With the pictures left out, output the records below exactly.

Material for this task →

***

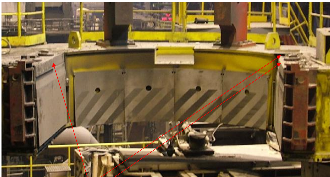
Места установки весоизмерительных тензорезисторных датчиков
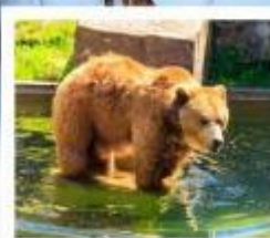
บ่อหมีเมืองเบิร์น
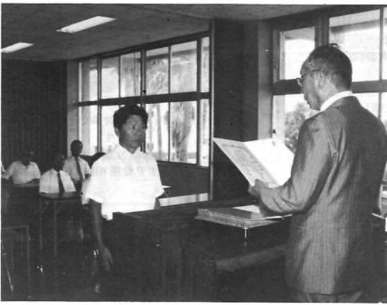
農業委員会委員/当選証書附与式

門川町農業委 員会委員の任期満 了に伴う選挙は去る七 月十日告示され、選挙すべ き定数十二名の立候補があり ました。従って定数を超え ない為無投票ということ になりました。
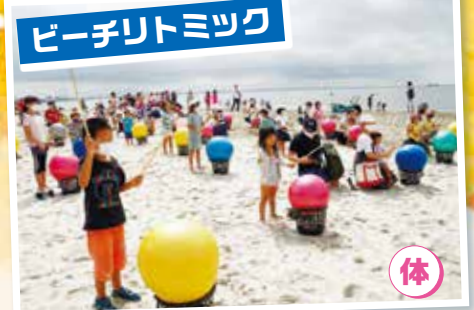
ビーチリトミック
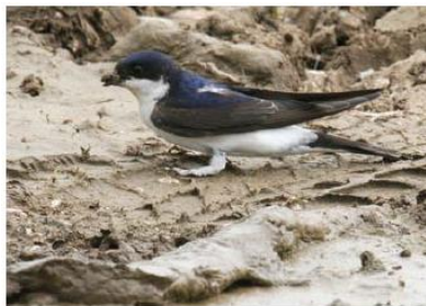
Hirondelle de fenêtre
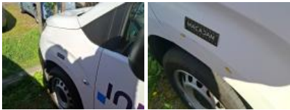
Boitier rétroviseur ext G, Griffe(s), Acceptable
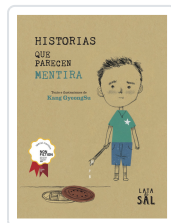
HISTORIAS QUE PARECEN MENTIRA GYEONGSU, KANG
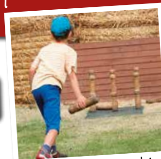
Concours de Quilles Landaises
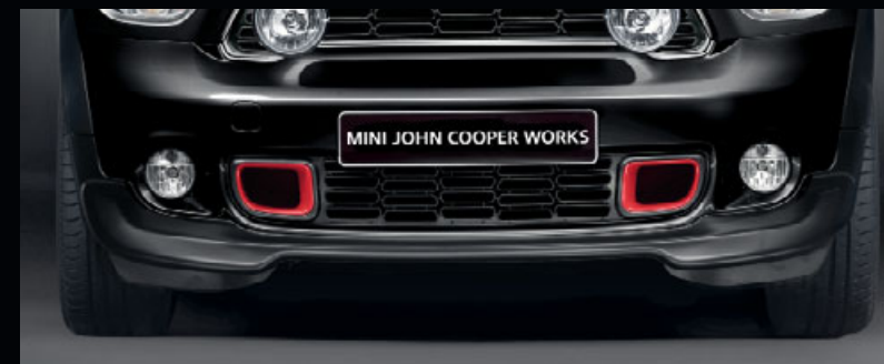
フロント・エプロン
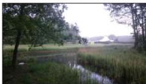
Figuur 12: Knobbelzwaan buiten festivalterrein

***

Written solution →
Места установки весоизмерительных тензорезисторных датчиков
บ่อหมีเมืองเบิร์น
農業委員会委員/当選証書附与式

門川町農業委 員会委員の任期満 了に伴う選挙は去る七 月十日告示され、選挙すべ き定数十二名の立候補があり ました。従って定数を超え ない為無投票ということ になりました。
ビーチリトミック
Hirondelle de fenêtre
Boitier rétroviseur ext G, Griffe(s), Acceptable
HISTORIAS QUE PARECEN MENTIRA GYEONGSU, KANG
Concours de Quilles Landaises
フロント・エプロン
Figuur 12: Knobbelzwaan buiten festivalterrein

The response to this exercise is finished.